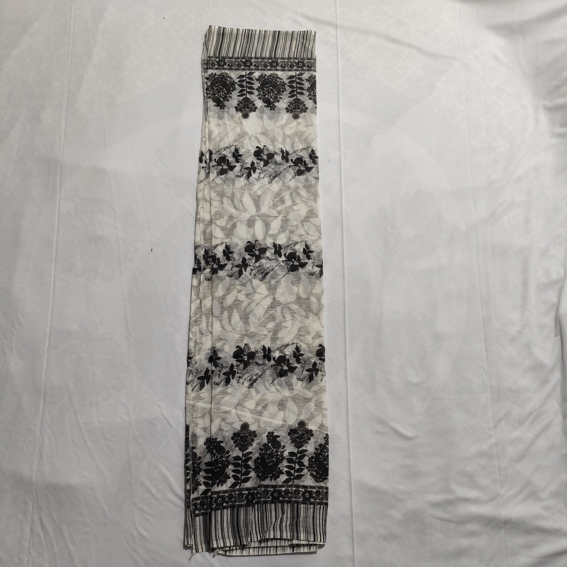 Monochrome Cotton 3-Piece Kurti Set | Floral Kurti, Stripe Pant, Printed Dupatta
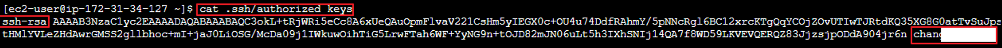 새로 생성한 Keypair를 이용하여 EC2를 새로 생성하고 해당 EC2에 접속한 후 키 공개 키 값을 확인한 후 복사한다.
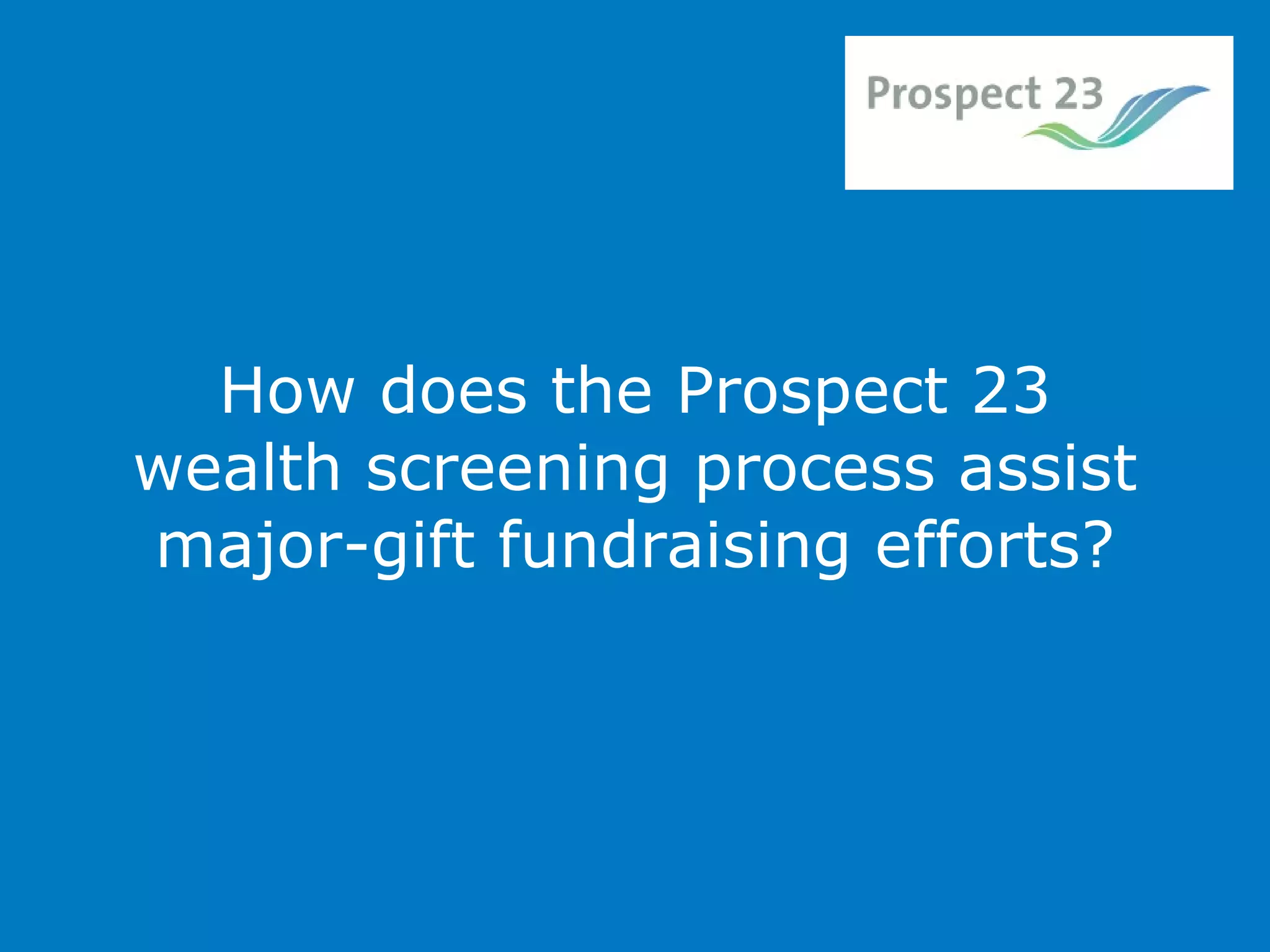 The Prospect 23 wealth screening process assists major-gift fundraising efforts by taking donor data and identifying major gift prospects. It qualifies prospects by concluding on their profession, providing live directorship information, categorizing them by wealth and giving potential, supplying notes on each major prospect, providing age details where available, and showing the total potential fundraising value and statistically analyzing the donor database pool.
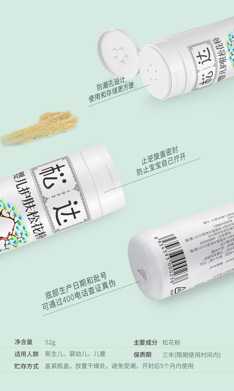 松达婴儿护肤松花粉 祛痱粉 爽身粉 52g
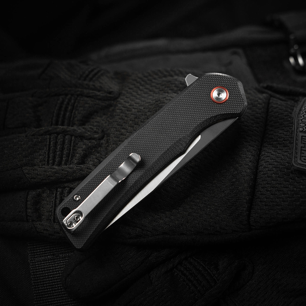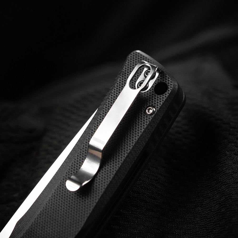В раскрытом состоянии лезвие ножа фиксируется с помощью пластины, которая является частью рукояти. Такой тип замка называется Liner Lock (с англ. – замок-фиксатор) и является одним из самых простых и надежных. На внутренней части рукояти расположена клипса для крепления ножа.
= = = = = = =
■ Action item ■
The lines needed run from the first line of the records through the line containing "새로 생성한 Keypair를", both included. Restate them word for word, without pictures.

■ Answer for this exercise ■
 Monochrome Cotton 3-Piece Kurti Set | Floral Kurti, Stripe Pant, Printed Dupatta
 새로 생성한 Keypair를 이용하여 EC2를 새로 생성하고 해당 EC2에 접속한 후 키 공개 키 값을 확인한 후 복사한다.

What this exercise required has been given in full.